On June 8, 2020, the Court held a case management hearing with the parties and took the pending motions under consideration. At the hearing, the Court ordered J.B. Hunt and Underwriters to meet and confer in the hope that they could agree on the true and correct form of the Policy in effect at the time of Ms. Udell's death. On June 19, 2020, J.B. Hunt and Underwriters filed a stipulation and agreed that the copy of the Policy attached to that stipulation is a true and correct copy of the Policy in effect at the time of the incident (Docs. 59 & 59-1).

II. DISCUSSION
A. J.B. Hunt's Motion To Strike Underwriters' Answer to the Amended Complaint

The Court will first address J.B. Hunt's Motion to Strike Underwriters' Answer to the Amended Complaint (Doc. 44). J.B. Hunt contends that the answer (Doc. 42) should be struck because the copy of the Policy attached thereto is "not a true and correct copy of the insurance policy which was in effect on the date of the loss." (Doc. 45, p. 1). As proof of this assertion, J.B. Hunt states that the copies of the Policy attached to its original complaint and amended complaint (Docs. 4-4 & 8-3) are not the same as the copy of the Policy attached to Underwriters' answer. (Doc. 42-1). Underwriters respond that the documents are identical except for "identifying Exhibit ‘divider’ pages." (Doc. 47, p. 1). The parties appear to have resolved this dispute via their agreed stipulation (Doc. 59).

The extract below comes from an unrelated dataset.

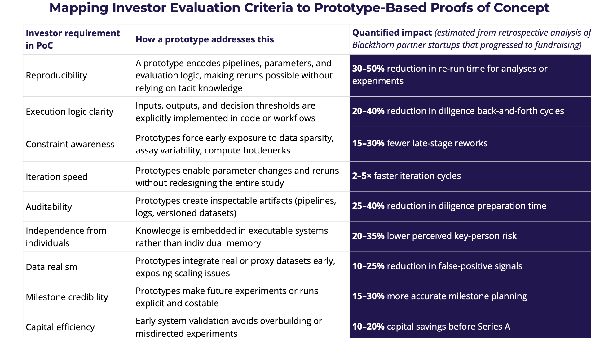 Across multiple investor criteria-reproducibility, auditability, iteration speed, and risk de-risking-executable prototypes consistently emerged as the most reliable form of PoC. By encoding assumptions, constraints, and decision logic into inspectable systems, prototypes convert abstract hypotheses into artifacts that diligence teams can evaluate directly.

This Motion—which is likely mooted by the parties' agreed stipulation—is DENIED. The copy of the Policy attached to Underwriters' answer is substantively identical to the one attached to the parties' stipulation. The only difference is that the endorsed version of the Policy attached to the agreed stipulation specifically identifies other underlying insurance policies, while the other copies of the Policy did not identify other such insurance policies. Compare Doc. 42-1, p. 31 (describing the underlying insurance policies as "To be confirmed"), with Doc. 59-1, p. 57 (identifying the underlying insurance policies). There is no dispute regarding the actual language of the Arbitration Provision; that provision is identical in all of the copies of the Policy before the Court. Motions to strike are disfavored, Stanbury Law Firm v. I.R.S. , 221 F.3d 1059, 1063 (8th Cir. 2000), and J.B. Hunt has presented no basis for the Court to do so here. Accordingly, J.B. Hunt's Motion to Strike is DENIED.

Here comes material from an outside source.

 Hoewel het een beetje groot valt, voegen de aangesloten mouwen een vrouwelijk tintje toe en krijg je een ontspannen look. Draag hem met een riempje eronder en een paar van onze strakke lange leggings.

B. Underwriters' Motion to Compel Arbitration

This case involves an arbitration agreement between foreign nationals and United States citizens, and such arbitration agreements are governed by the Convention and its implementing legislation, Chapter II of the FAA. Article II, Section 3 of the Convention provides that "[t]he court of a Contracting State ... shall, at the request of one of the parties, refer the parties to arbitration ...." 1970 WL 104417, at *1 (Dec. 29, 1970). At the same time as the United States' accession to the Convention, Congress amended Chapter II of the FAA so that it now implements the Convention in disputes involving foreign parties or related to a foreign state. 9 U.S.C. §§ 201 – 208 ("The Convention on the Recognition and Enforcement of Foreign Arbitral awards ... shall be enforced in United States courts in accordance with this chapter").

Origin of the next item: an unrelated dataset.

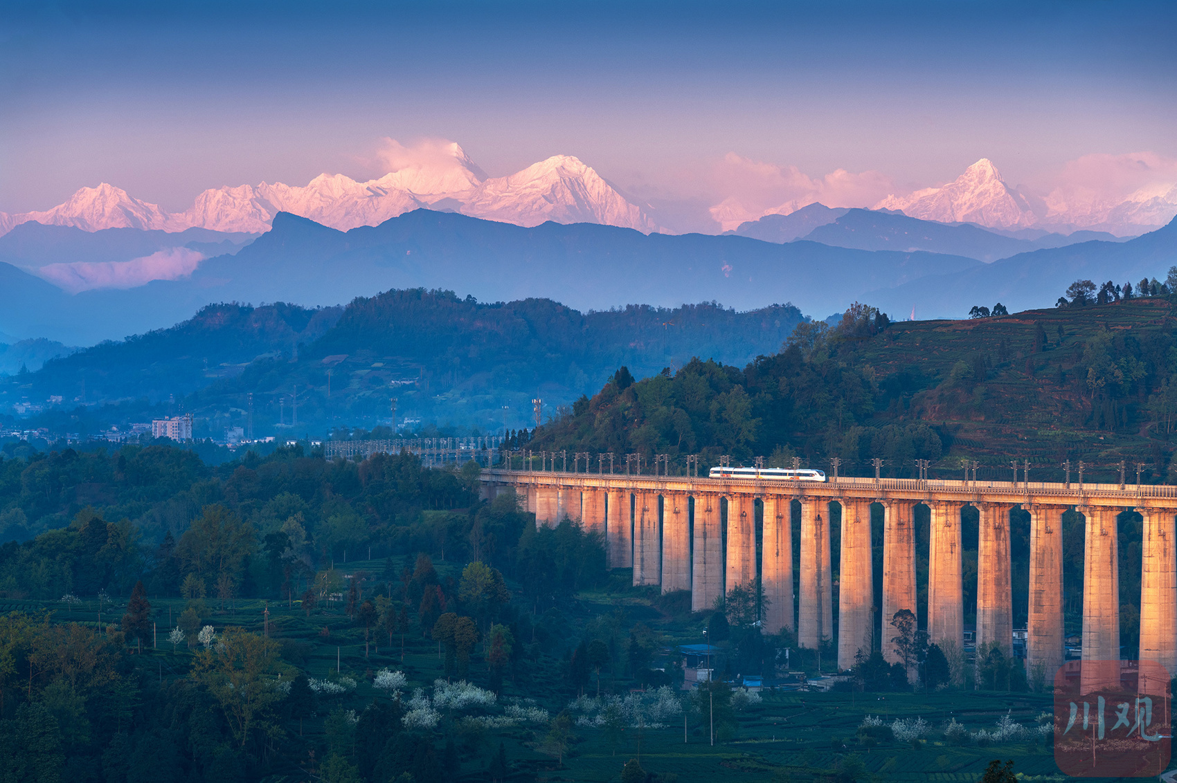 2024年3月28日,阳光打在雅安市名山区骑龙村。贡嘎雪山下,一辆列车驶过川藏铁路成雅段。C视觉签约摄影师 王治 摄

Arkansas law bars the enforcement of binding arbitration clauses in insurance contracts. Ark. Code Ann. § 16-108-233(b)(3) ("This subchapter does not apply to ... [a]n insured or beneficiary under any insurance policy or annuity contract"); Ark. Code Ann. § 23-79-203(a) ("No insurance policy ... shall contain any condition, provision, or agreement which directly or indirectly deprives the insured ... the right by trial on any question of fact arising under the policy ....").1 Typically, the FAA would preempt conflicting state law under the Supremacy Clause, but the...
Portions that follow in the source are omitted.